As memórias da telespectadora de canais abertos contam mais sobre as escassas opções de fruição em outras searas do que o deleite absoluto com o Passa ou Repassa. São práticas que remetem a um cotidiano imperativo que abria poucas brechas para as famílias trabalhadoras, como a minha, ousar alternativas que não a oferta fácil da televisão. Assistir aos programas se colocava como escape, mas também cumpria uma função socializadora. Não raro era da programação dominical que surgia o assunto da semana. A denúncia do Fantástico, o famélico ajudado pelo Gugu, a pegadinha do Silvio Santos e tantos outros casos que se repetem ad eterno. Ocorre que se tudo soa parecido na TV, como nos anos 80 e 90, as formas de comunicação, a cartela de canais, as diferentes plataformas e, sobretudo, o comportamento do potencial telespectador mudou demais. Hoje, dizem alguns especialistas, que adolescentes, independente do seu estrato social, não assistem televisão. Naquela época, eu, a minha mãe, minha tia e a minha avó sempre travávamos algum debate fomentado por um furo de reportagem, algum plantão da Globo, alguma novela, ou, óbvio sobre algum famélico ajudado. Era o nosso esperanto.

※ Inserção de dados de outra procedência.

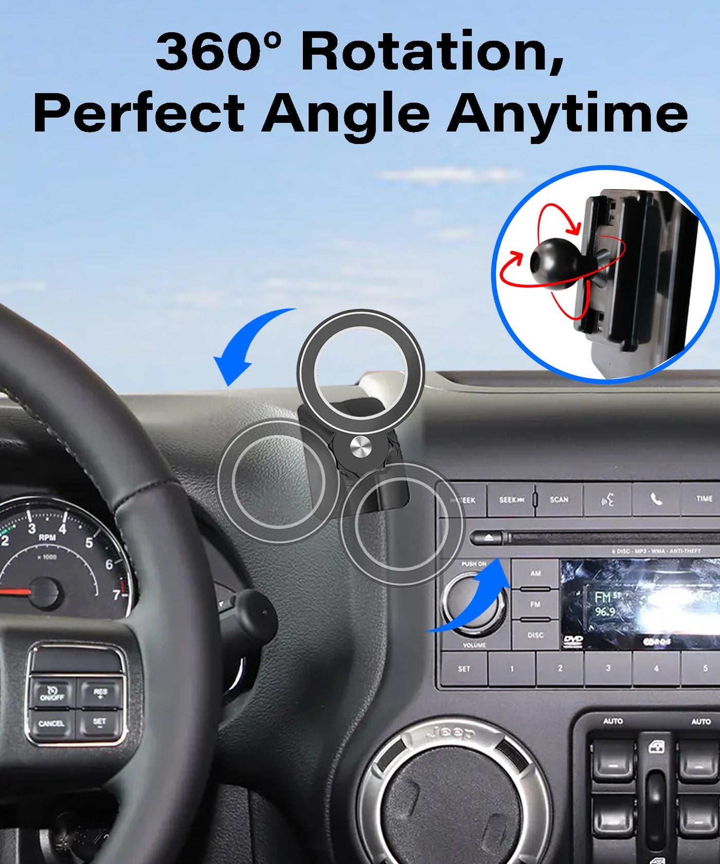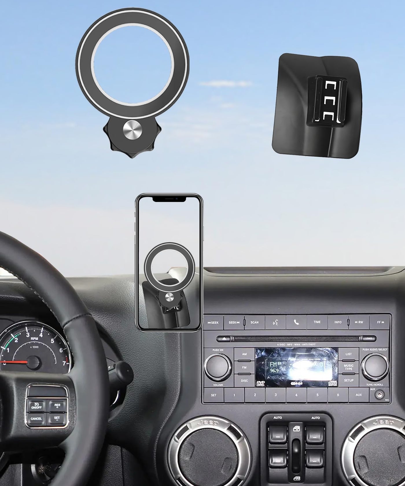 This Innovative Phone Mount Designed Specifically For 2011 2012 2013 2014 2015 2016 2017 Jeep Wrangler Jk Jku. This Versatile Mount Offers Seamless One-Hand Operation And Robust Magnetic Attachment, Ensuring Your Phone Stays Firmly In Place During Every Journey. Compatible With Iphone Series 12 Through 16 And Magsafe Cases, Plus A Wide Range Of Other Smartphones Using The Included Metal Rings. The Mount Features 360-Degree Rotation Capability For Optimal Viewing Angles And Comes With Two Metal Rings For Non-Magsafe Devices. Its Sturdy Construction And Secure Mounting System Perform Reliably Across Various Driving Conditions - From Rough Terrain To Smooth Highways. The Sleek Design Integrates Perfectly With Your Wrangler Jk Jku Interior While Maintaining Easy Access To Your Vehicles Touch Screen. Installation Is Straightforward, And The Mounts Practical Design Ensures It Wont Interfere With Your Vehicles Functionality. Package Includes The Mount And Two Metal Rings For Universal Compatibility. This Thoughtful Solution Keeps Your Phone Within Reach While Maintaining Focus On The Road.

Cancelar a TV é arriscar perder uma habilidade de comunicação. Ao menos, com esse universo que elege esses conteúdos como passatempo, ou que só pode contar com eles. Pode ser até uma boa arriscar nos dias que se seguem, pois as audiências em queda nos dão pistas que outras preferências andam concorrendo pesado com o plin plin.

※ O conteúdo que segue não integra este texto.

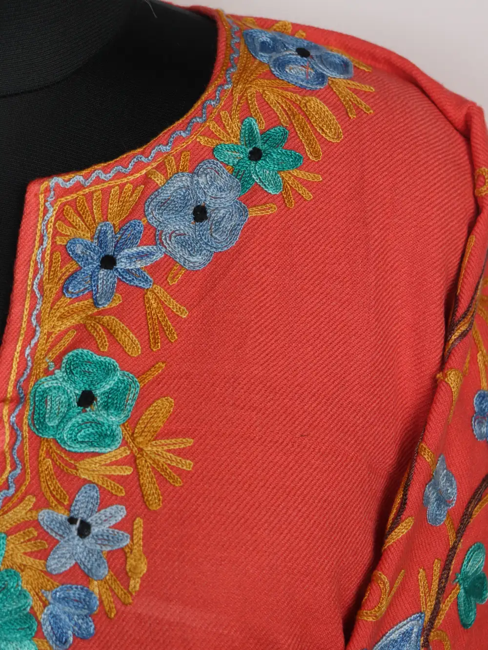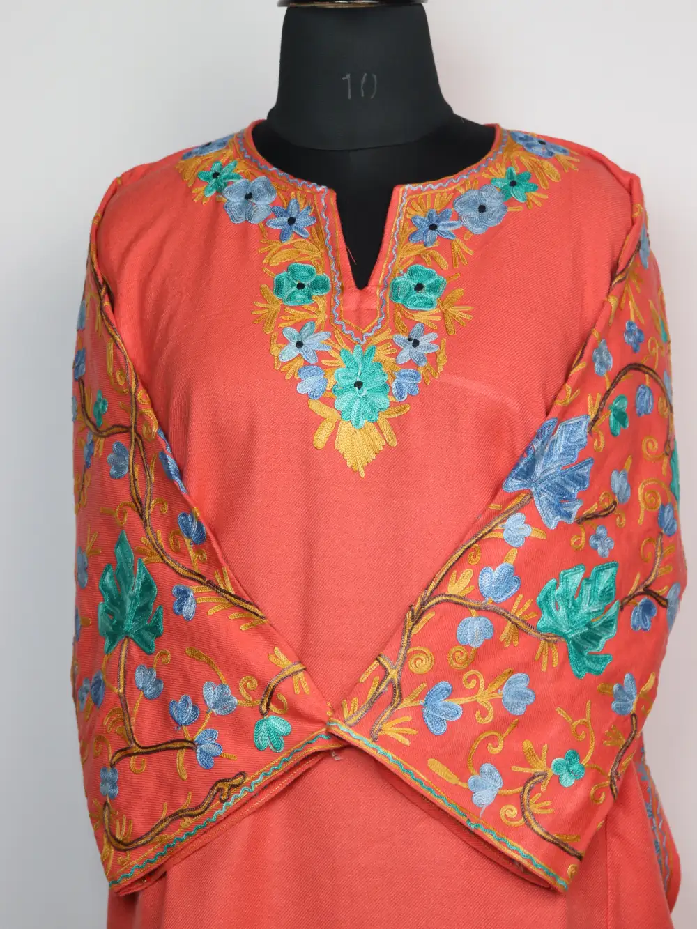This pheran has a smooth cashmilon texture with floral aari embroidered neckline, paired with sleeve jaal work that brings a beautifully detailed look to this feran.

Dessas vivências, há o que se reivindicar orgulhosamente como formativo e distintivo de sujeitos consumidores e produtores culturais. Outras experiências, por sua vez, merecem apenas um obituário sarcástico. A advertência cabal sobre os malefícios da exposição excessiva ao sinal analógico durante a primeira infância e a adolescência para a formação crítica e estética pode ser um tanto alarmista, – eu, pelo menos, me apego nisto. Oremos. Ademais sempre terão aqueles mais criativos, que mesmo tendo assimilado altas doses da grotesca e empobrecida grade dominical, andam por aí a devolvê-la regurgitada como paladar para as representações insossas do mainstream.

Em tempo, continuo sendo fonte primária do mundo das celebridades e, se ando afastada da programação televisa, não deixo escapar épicos como “A Fazenda” de Pepe e Nenem e de Theo Becker.

* Raquel Guilherme de Lima é professora do Departamento de Sociologia e Metodologia das Ciências Sociais daUFF e, às vezes, a gêmea má. Colabora com a Escuta.

Notas

[1] Dessas, 17 estão fingindo saber.

[2] Sim, sim eu sei que não era só o povão que assistia ao Gugu. Obrigada.